Launching Fish Audio S1: A Frontier Text-to-Speech Audio Foundation Model
Oct 23, 2025

Takeaways
- We launch Fish Audio S1, a frontier text-to-speech audio foundation model.
- Fish Audio S1 is trained on over 2 million hours of audio with online RLHF (GRPO).
- Fish Audio S1 achieves 0.8% WER and 0.4% CER on Seed TTS Eval.
- S1 supports open-domain emotion, tone, and special effect markers.
Try S1 Now
Try the model for free at Fish Audio: https://fish.audio/app/text-to-speech/
Hugging Face model page: https://huggingface.co/fishaudio/openaudio-s1-mini
Fish Audio S1
S1 comes in two variants:
- S1 (4B) – full-featured flagship model, available on the Fish Audio Playground
- S1-mini (0.5B) – a distilled version for resource-constrained environments, available on Hugging Face
Both models are trained with online RLHF (GRPO) using in-house reward models.
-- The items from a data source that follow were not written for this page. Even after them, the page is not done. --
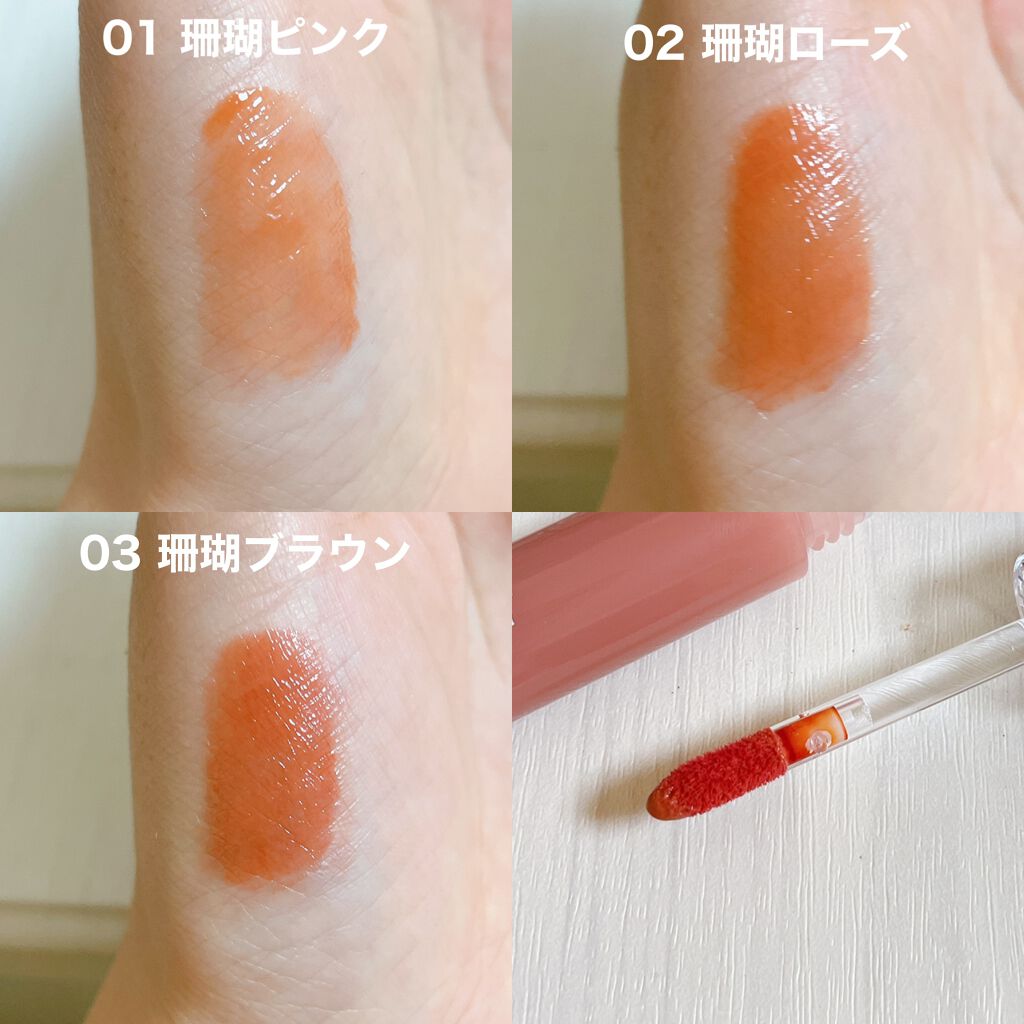 塗り心地と透けツヤ発色が好きで、お気に入りアイテムなので発売日にポチりました👍 色名から赤み強めを想像していたけど、黄味を感じるコーラル系ベージュ鮮やかすぎず使いやすいコーラルという印象のお色でした。 うるっとした質感で負担感がなく色もちもそこそこ良くてつい手が伸びるお気に入りアイテム💋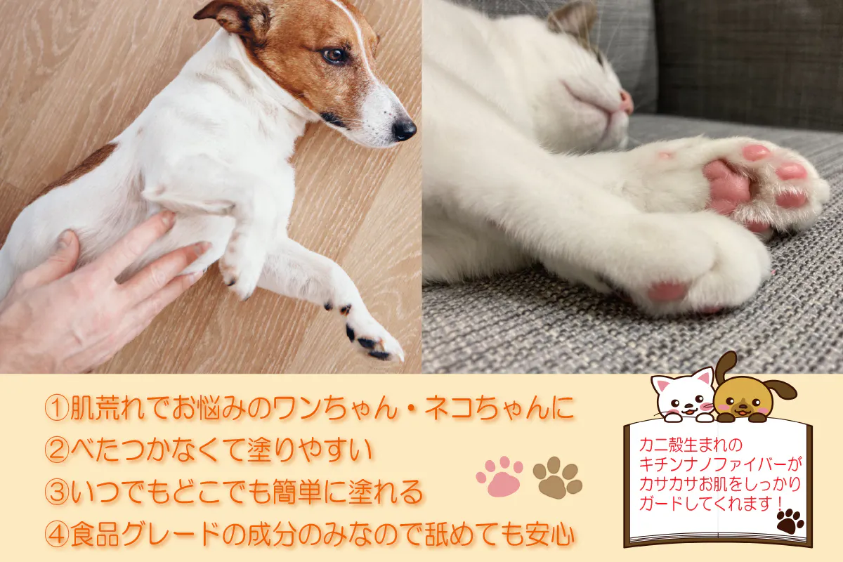 国立大学の研究から生まれた新素材「キチンナノファイバー」*¹ の特性を活かした、うるおいを保ちながら肌荒れを防ぐ、ワンちゃんネコちゃんのお肌や肉球を健やかに保つことができる保湿ジェルです。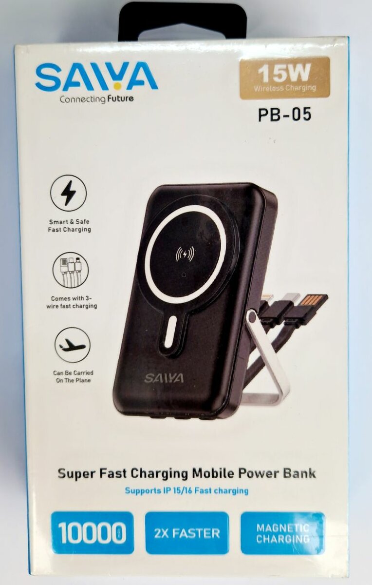 Chargez rapidement avec le Power Bank SAWA 15W. Capacité de 10000mAh, compatible IP15/16, idéal pour voyager.

State-of-the-Art Voice Quality
OpenAudio S1 is trained on over 2 million hours of audio, combining large-scale text–audio pairs with rich supervision. By jointly modeling semantic and acoustic information in a single model, S1 avoids the information loss typical of “semantic-only” pipelines and reduces artifacts and word errors.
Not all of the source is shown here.